*Work to be completed:* Return the entries below word for word; no images should appear in the copy.

Start of Block

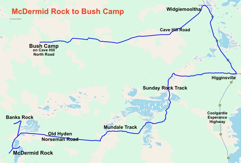 Our overnight camp was only a few clicks short of Victoria Rock Road.
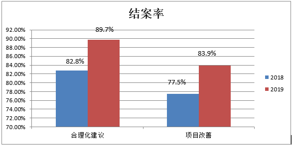 今年截止9月份,合理化建議共接收并被采納39項(xiàng),結(jié)案35項(xiàng),4項(xiàng)還在如期進(jìn)展中,結(jié)案率89.7%,改善項(xiàng)目立項(xiàng)31項(xiàng),結(jié)案26項(xiàng),5項(xiàng)在如期進(jìn)展中,結(jié)案率83.9%。同比去年的合理化建議結(jié)案率82.8%和項(xiàng)目改善結(jié)案率77.5%提升不少。
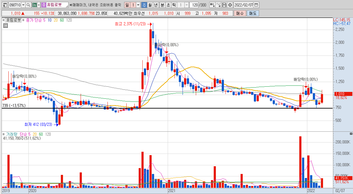 2번째 종목은 휴림로봇이라는 종목인데요. 이 종목도 차트를 보면서 설명 드리겠습니다.
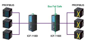 当PROFIBUS设备发生故障或串口连接失败时,它会产生电气噪声,导致总线发生故障。传统转换器让噪声信号通过光纤传输至其他转换器,这会破坏两个总线之间的数据传输,最终导致整个系统都没有数据通讯。一旦这种情况发生,工程师会无法找到故障设备,因为整个PROFIBUS网络都断网了。为了避免这种情况,ICF-1180I可检测和识别噪声信号。如果某个总线发生故障,噪声信号不会通过ICF-1180I进行传输,进而影响其他总线段。此外,ICF-1180I还会向工程师触发报警,告知发生故障的位置
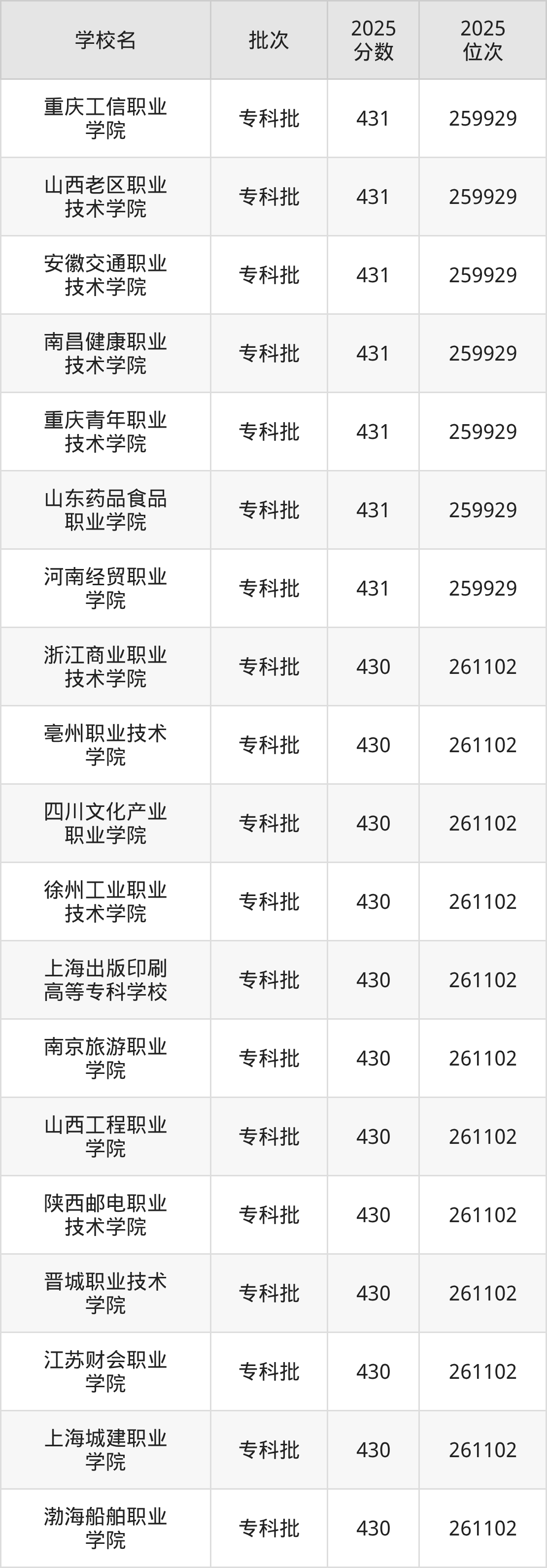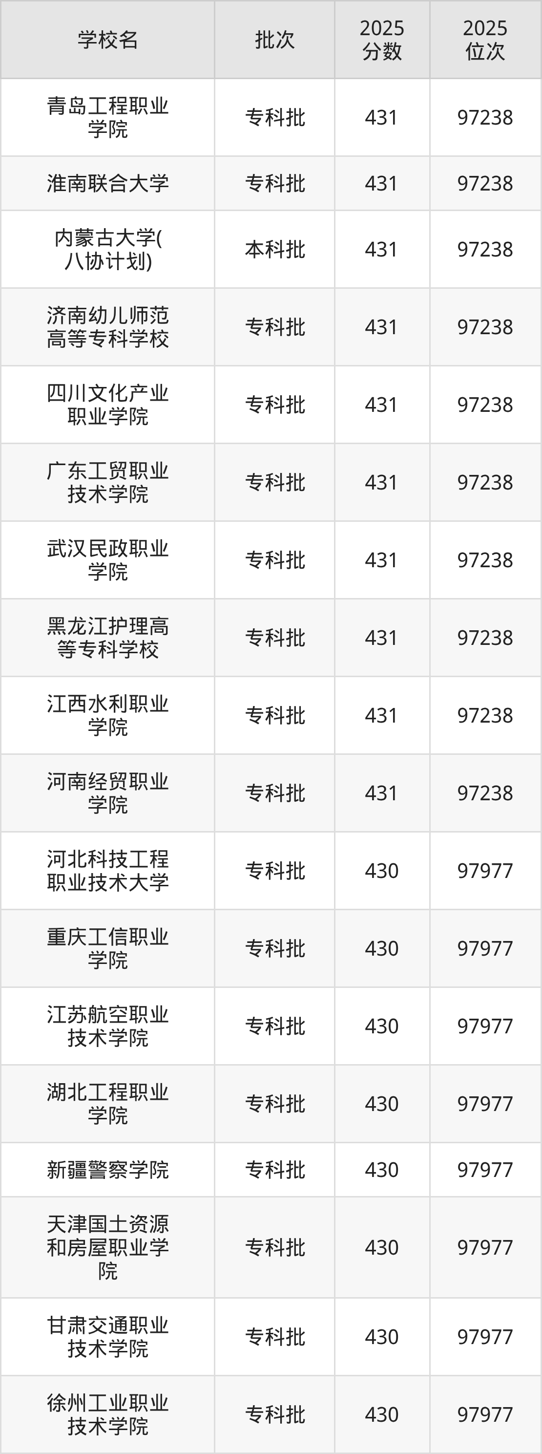 2025年河北高考历史类430分(97239名~97977名)能上的大学有天津国土资源和房屋职业学院、新疆警察学院、重庆工信职业学院、湖北工程职业学院等。

End of Block

*Finished exercise:*
 Our overnight camp was only a few clicks short of Victoria Rock Road.
 今年截止9月份,合理化建議共接收并被采納39項(xiàng),結(jié)案35項(xiàng),4項(xiàng)還在如期進(jìn)展中,結(jié)案率89.7%,改善項(xiàng)目立項(xiàng)31項(xiàng),結(jié)案26項(xiàng),5項(xiàng)在如期進(jìn)展中,結(jié)案率83.9%。同比去年的合理化建議結(jié)案率82.8%和項(xiàng)目改善結(jié)案率77.5%提升不少。
 2번째 종목은 휴림로봇이라는 종목인데요. 이 종목도 차트를 보면서 설명 드리겠습니다.
 当PROFIBUS设备发生故障或串口连接失败时,它会产生电气噪声,导致总线发生故障。传统转换器让噪声信号通过光纤传输至其他转换器,这会破坏两个总线之间的数据传输,最终导致整个系统都没有数据通讯。一旦这种情况发生,工程师会无法找到故障设备,因为整个PROFIBUS网络都断网了。为了避免这种情况,ICF-1180I可检测和识别噪声信号。如果某个总线发生故障,噪声信号不会通过ICF-1180I进行传输,进而影响其他总线段。此外,ICF-1180I还会向工程师触发报警,告知发生故障的位置
 2025年河北高考历史类430分(97239名~97977名)能上的大学有天津国土资源和房屋职业学院、新疆警察学院、重庆工信职业学院、湖北工程职业学院等。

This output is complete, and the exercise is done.